Good point. While the mtDNA in the R1b carriers can be excepted to be representative of the R1b source population, the case seems less clear for the others, who may be recently indigeneous women incorporated into Bell Beaker society.

Maju said...

Or it may be a fluke.

Also there's nothing particularly "Bell Beaker" in this tomb, as I discussed in my blog. They are not Corded Ware either but they look more like Danubian residual cultural elements in the wider Corded Ware/earliest Bell Beaker generic context.

Bell Beaker burials have much richer and specific grave goods. This are just generic Chalcolithic.

Andrew Oh-Willeke said...

Danubian Chalcolithic that isn't Bell Beaker with R1b would itself be quite significant.

Maju said...

It would, I guess. But we can't really consider these people Danubian proper either: they are chronologically too late and the dominant cultural landscape is Corded Ware/Bell Beaker, even if I can't place these burials as either because they lack the highly standardized grave goods.
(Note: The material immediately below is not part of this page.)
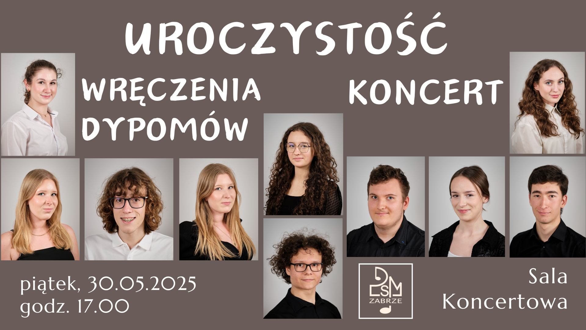 w piątek, 30 maja br. pożegnamy naszych tegorocznych dyplomantów. Uroczystość wręczenia dyplomów połączona z koncertem odbędzie się o godz. 17.00 w Sali Koncertowej. Serdecznie zapraszamy!

In any case proto-Corded IEs were already influenced by Danubian culture. After a first penetration with Baalberge (a Kurgan and Funnelbeaker culture at the same time, on a Danubian substrate) there was a period in which the late Danubian culture of Baden (geographically roughly as Austria-Hungary from a century ago) was most important for several centuries and clearly influenced the post-Baalberge IE cultures north of it in East Germany and Poland (and later also Western Ukraine).

These would evolve, maybe with some kickstarter Eastern IE influx into Corded Ware, which did mean the end of distinct Danubian and Funnelbeaker cultures but not necessarily (nor probably) of Danubian nor Funnelbeaker genetics.

But classifying these tombs seems problematic at the best. Unless you have more info (I could not find any).